# cbloom rants

## 9/16/2010

### 09-16-10 - A small followup on Cumulative Probability Trees

See original note . Then :

I mentioned the naive tree where each level has buckets of 2^L sums. For clarity, the contents of that tree are :

 C0 C1 C2 C3 C4 C5 C6 C7 C8 C9 C10 C11 C12 CC13 C14 C15 C0-C1 C2-C3 C4-C5 C6-C7 C8-C9 C10-C11 C12-C13 C14-C15 C0-C3 C4-C7 C8-C11 C12-C15 C0-C7 C8-C15 C0-C15

I said before :

```
But querying a cumprob is a bit messy. You can't just go up the tree and add, because you may already be counted in a parent. So you have to do something like :

sum = 0;

if ( i&1 ) sum += Tree[i-1];
i>>=1;
if ( i&1 ) sum += Tree[i-1];
i>>=1;
if ( i&1 ) sum += Tree[i-1];
..

This is O(logN) but rather uglier than we'd like.

```

A few notes on this. It's easier to write the query if our array is 1 based. Then the query is equivalent to taking a value from each row where the bit of "i" is on. That is, line up the bits of "i" with the bottom bit at the top row.

That is :

```
sum = 0;

if ( i&1 ) sum += Tree[i];
if ( i&2 ) sum += Tree[i>>1];
if ( i&4 ) sum += Tree[i>>2];
...

```
Some SIMD instructions sets have the ability to take an N-bit mask and turn it into an N-channel mask. In that case you could compute Tree[n][i>>n] in each channel and then use "i" to mask all N, then do a horizontal sum.

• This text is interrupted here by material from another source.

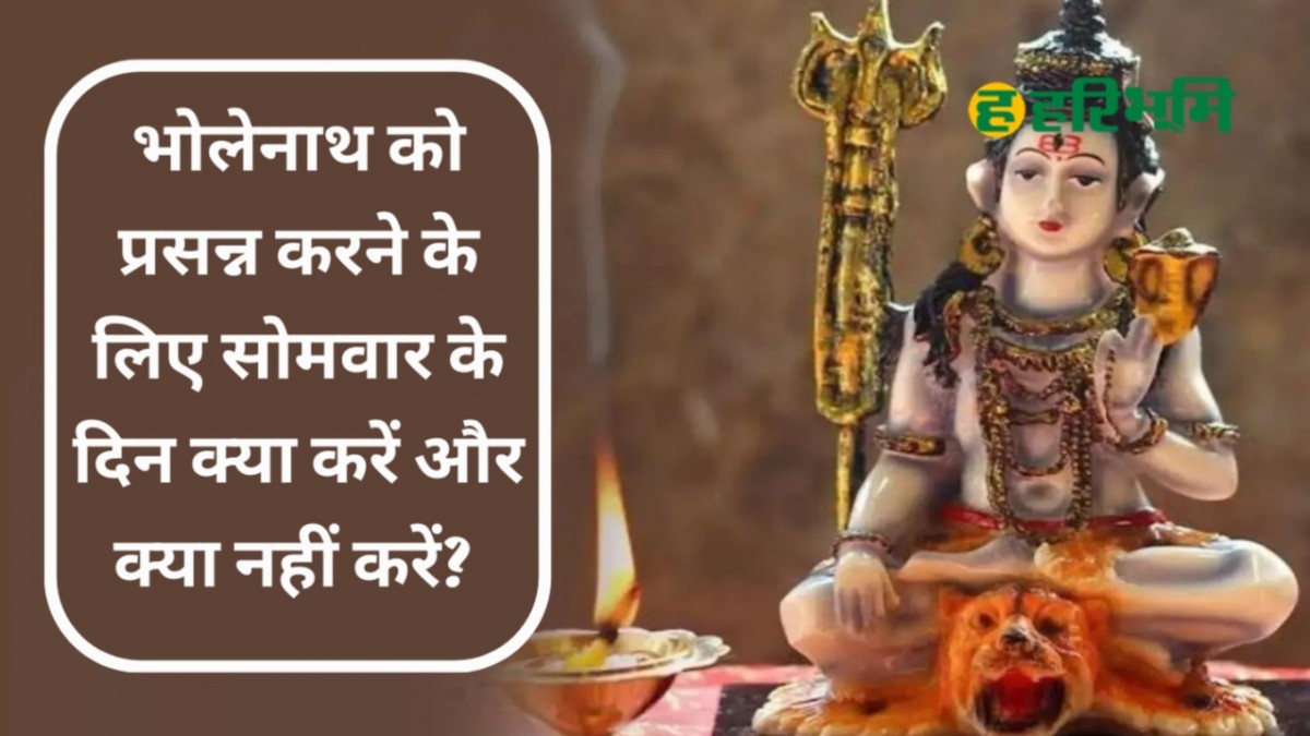 Somwar ko Kya Kare aur Kya Nahi Kare: हिंदू धर्म में हफ्ते का हर दिन किसी न किसी देवी-देवता को समर्पित है। ऐसे में आज सोमवार के दिन भगवन भोलेनाथ की पूजा करने का विधान हैं। इस दिन भोलेनाथ की विधिवत पूजा-अर्चना करने से साधकों को जीवन में कई शुभ फलों की प्राप्ति होती है। ऐसे साधकों को बिज़नेस में बढ़ोतरी देखने को मिलती है। साथ ही धन लाभ के योग भी बनते है। इसके अलावा शिव कृपा भी उनके ऊपर हमेशा बनी रहती है। सोमवार को भगवन भोलेनाथ को शीघ्र प्रसन्न करने के लिए शिवलिंग पर गन्ने के रस से अभिषेक करें और उनके निमित्त व्रत रखें। जानते है अन्य जरुरी बातें-

Also the similarity to Fenwick trees and his way of walking the tree can be made more obvious. In particular, we obviously only have to do the sums where i has bits that are on. On modern CPU's the fastest way is just to always do 8 sums, but in the old days it was beneficial to do a minimum walk. The way you do that is by only walking to the bits that are on, something like :

```
sum = 0;
while ( i )
{
int k = BitScan(i);
sum += Tree[k][i>>k];
i -= (1 << k);
}

```
we can write this more like a Fenwick query :
```
sum = 0;
while ( i )
{
int b = i & -i; // isolate the bottom bit of i
int k = BitScan(b); // b -> log2(b)
sum += Tree[k][i>>k];
i = i & (i-1); // same as i -= b; turns off bottom bit
}

```
but then we recall that we made the FenwickTree structure by taking these entries and merging them. In particular, one way to build a Fenwick Tree is to take entries from simple table and do "if my bottom bit is zero, do i>>=1 and step to the next level of the table".

What that means is when we find the bottom bit pos is at bit 'k' and we look up at (i>>k) - that is the entry that will just be in slot "i" in the Fenwick structure :

```
sum = 0;
while ( i )
{
sum += FenwickTree[i];
i = i & (i-1); // turn off bottom bit
}

```
so the relationship and simplification is clear.

Fast decoding would involve a branchless binary search. I leave that as an exercise for the reader.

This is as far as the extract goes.